▸ WHAT THIS TASK INVOLVES: Everything below from the line with "Автоматический выключатель дифференциального" through the line with "Acabamento em piso" must be retyped exactly, except the pictures.

▸ GIVEN INFORMATION:
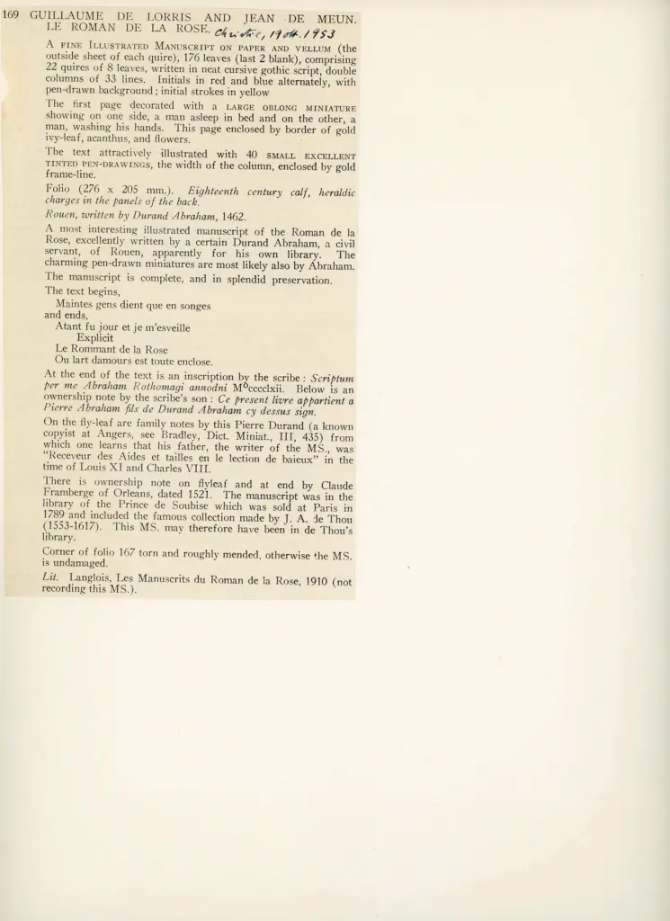 Ritaglio da Christie's Since the War, 1945-1958: An Essay on Taste, Patronage and Collecting, lot 169, Guillaume de Lorris and Jean de Meun. Le Roman de la Rose. La pagina miniata si trova all'inizio del capitolo I del Roman de la Rose: la scena rappresenta il protagonista addormentato nel suo letto e il capolettera è l'iniziale M(aintes) gens dient que en songes
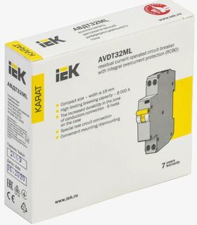 Автоматический выключатель дифференциального тока IEK АВДТ32ML тип A С16 10мА KARAT MVD12-1-016-C-010-A предназначен для защиты человека от поражения электрическим током при повреждении изоляции электроустановок, а также для защиты от перегрузки и короткого замыкания в сетях переменного тока напряжением 230 В и частотой 50 Гц.
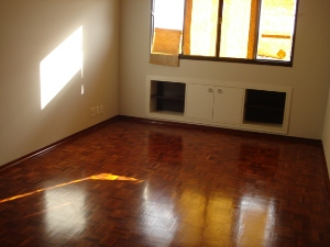 Acabamento em piso frio e taco. Teto em laje.
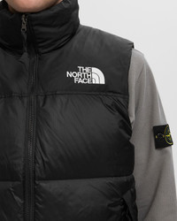 The 1996 Retro Nuptse Down Vest has a boxy silhouette, a shiny ripstop fabric, an exposed zipper, and slanted pockets - and, of course, the iconic oversized chambers. Compared to the '90s models, though, this version features 700-fill down from responsible sources and a water-repellent finish. Conveniently, the hood stows in the collar and the entire vest can be packed up and stowed in the right pocket. - 700-fillpower goose down provides warmth and is extremely compressible - Handwarmer pockets with security zipper - Drawcord hem for adjustment - Original light-appearing ripstop fabric for better durability Article Number: NF0A3JQQGOF1 Gender: Men Color: TNF BLACK/R Material: 100% Nylon
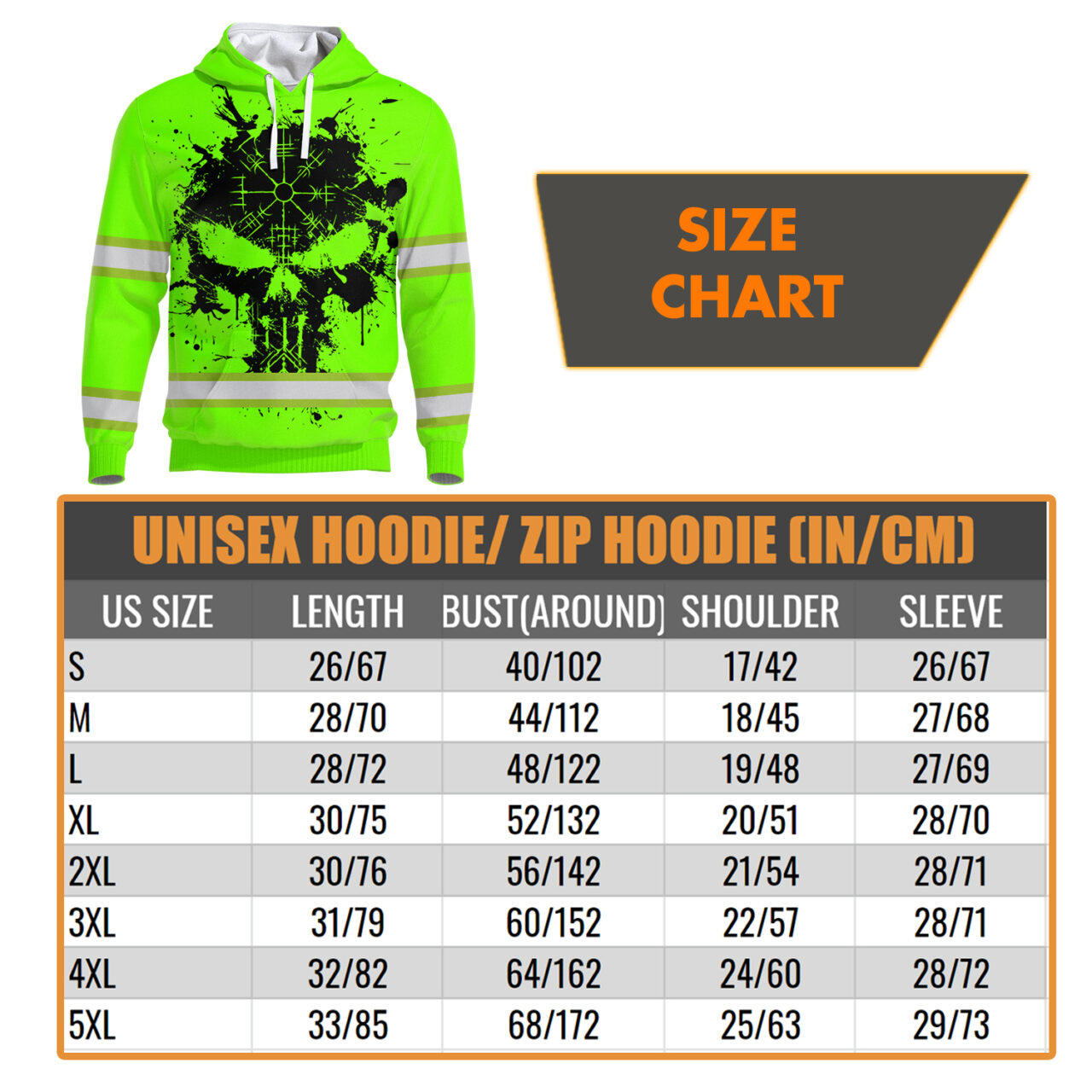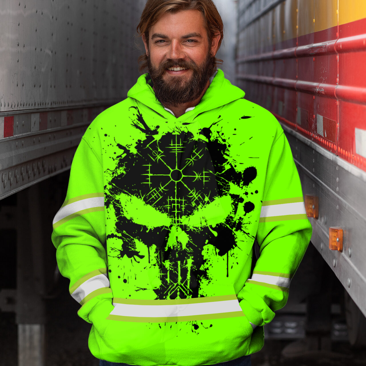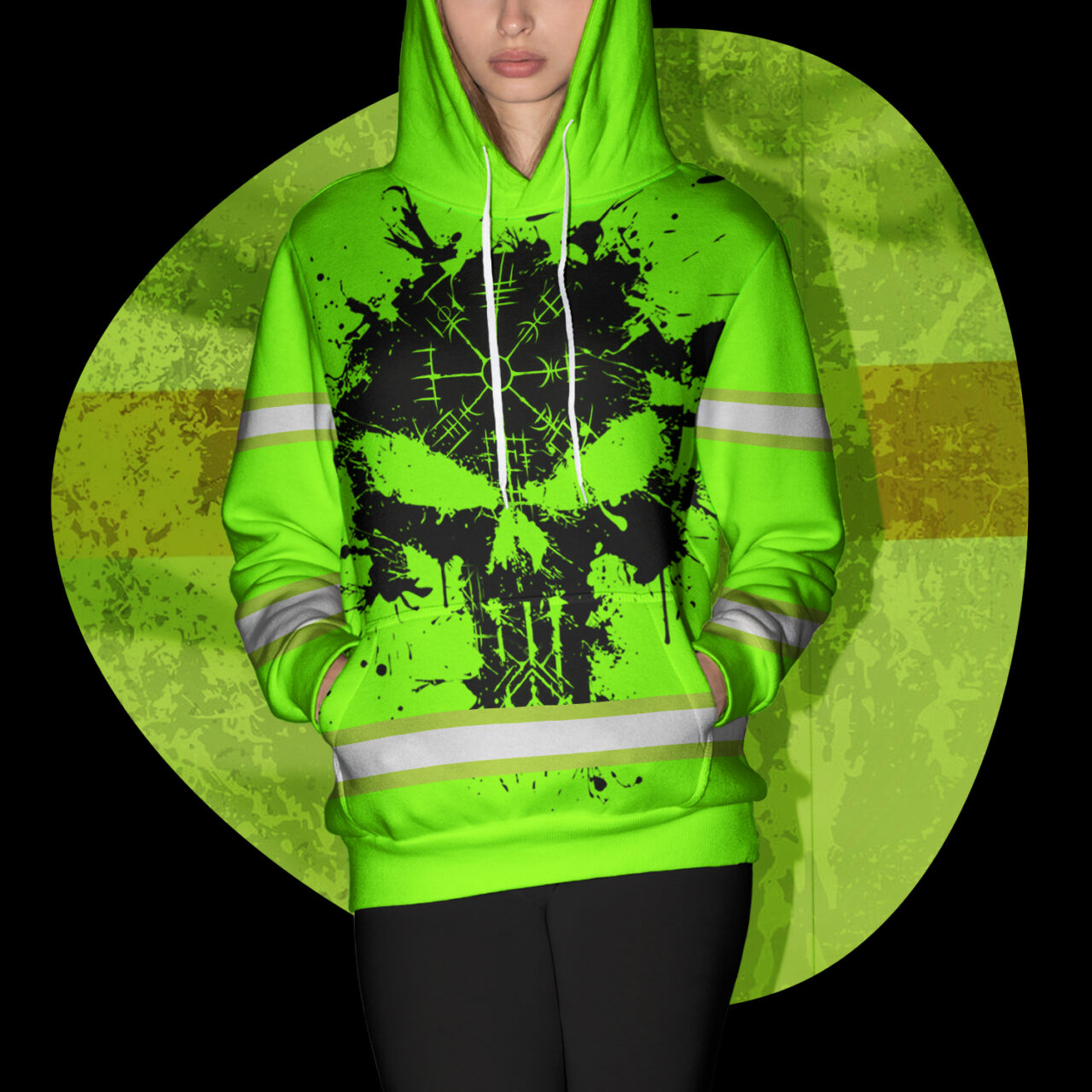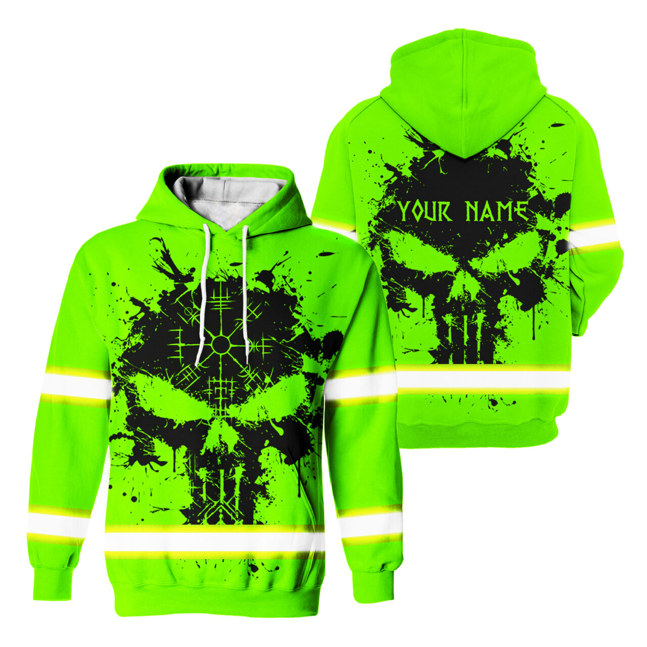 Hi Vis Hoodie Reflective Tapes Green Neon Skull Viking Symbol Custom Name Safety Workwear

▸ SOLVED EXERCISE:
 Автоматический выключатель дифференциального тока IEK АВДТ32ML тип A С16 10мА KARAT MVD12-1-016-C-010-A предназначен для защиты человека от поражения электрическим током при повреждении изоляции электроустановок, а также для защиты от перегрузки и короткого замыкания в сетях переменного тока напряжением 230 В и частотой 50 Гц.
 Acabamento em piso frio e taco. Teto em laje.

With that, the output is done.